Unlock your body’s natural fat burning potential with the Revel Fat Loss Sauna Protocol.
Designed to accelerate metabolism, increase calorie burn, and support weight management, this science backed routine leverages the powerful effects of heat exposure for optimal results. Whether you're boosting your fitness journey or enhancing overall wellness, our fat loss protocol helps you sweat smarter, not harder. Discover how consistent infrared sauna use can support fat reduction, improve circulation, and amplify your recovery. Ready to turn up the heat on your goals? Let’s get started.
Frequency: 4-5 times a week.
Duration: 20-30 minutes.
Temperature: Ideal temperature range is between 43 and 55°C (110 and 130°F) for an infrared sauna.
Best Time: Anytime, but preferably post-workout. Sauna can increase metabolic rate.

Prepare for your sauna.
Ensure you are hydrated. A sauna induces sweating, which can lead to dehydration. Have a water bottle with you to sip on during the session. Set up a comfortable space with towels and a light, carbohydrate rich snack for post-sauna replenishment.

The sauna session.
Ensure the sauna temperature is set between 43 and 55°C (110 and 130°F). Start with 20 minutes and gradually increase to 40 minutes or more as your body adjusts.
Bigger areas of the body, such as the torso, require more heat, while smaller areas, like the calves, need less heat due to their smaller surface area.
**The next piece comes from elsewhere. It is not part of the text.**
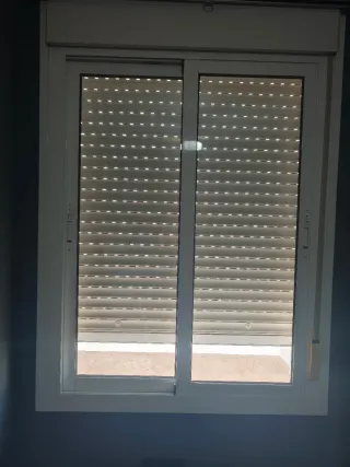 Ventana balconera de aluminio, ideal para cualquier espacio. Está en buen estado y lista para instalar. Tiene pequeños roces en los laterales. - Ventana corrediza de aluminio blanco. - Dos hojas de cristal. - Incluye persiana. - Con marco superior y premarco de 2 cm - Medidas 198 * 134 cm

Maintain a relaxed posture and practise deep breathing to enhance detoxification and promote relaxation.

After your sauna.
Cool down gradually; abruptly moving to a cold environment may cause dizziness. Engage in light exercises like walking or stretching to normalise body temperature and enhance circulation. Rehydrate and consume your carbohydrate snack to replenish glycogen stores depleted during the sauna session.

Fat loss strategy.
Integrate your sauna sessions into a balanced fat loss regimen, complementing them with a healthy diet and regular exercise. Monitoring caloric intake and ensuring a calorie deficit is essential for fat loss. Set realistic goals and celebrate your progress along the way.

Tips for best results.
Integrate your sauna sessions into a balanced fat loss regimen, complementing them with a healthy diet and regular exercise. Monitoring caloric intake and ensuring a calorie deficit is essential for fat loss. Set realistic goals and celebrate your progress along the way. Consistent use of a sauna may improve circulation, help expel toxins through sweating, and promote muscle relaxation. Track your progress through measurements or weight checks to monitor your evolution.
If you experience discomfort or aren't seeing the desired results, consider adjusting your sauna routine or consult with a nutritionist or fitness expert. Always prioritise safety and listen to your body's signals during sauna sessions. If you have underlying health conditions or aggressive fat loss goals, consult a healthcare professional before beginning this routine.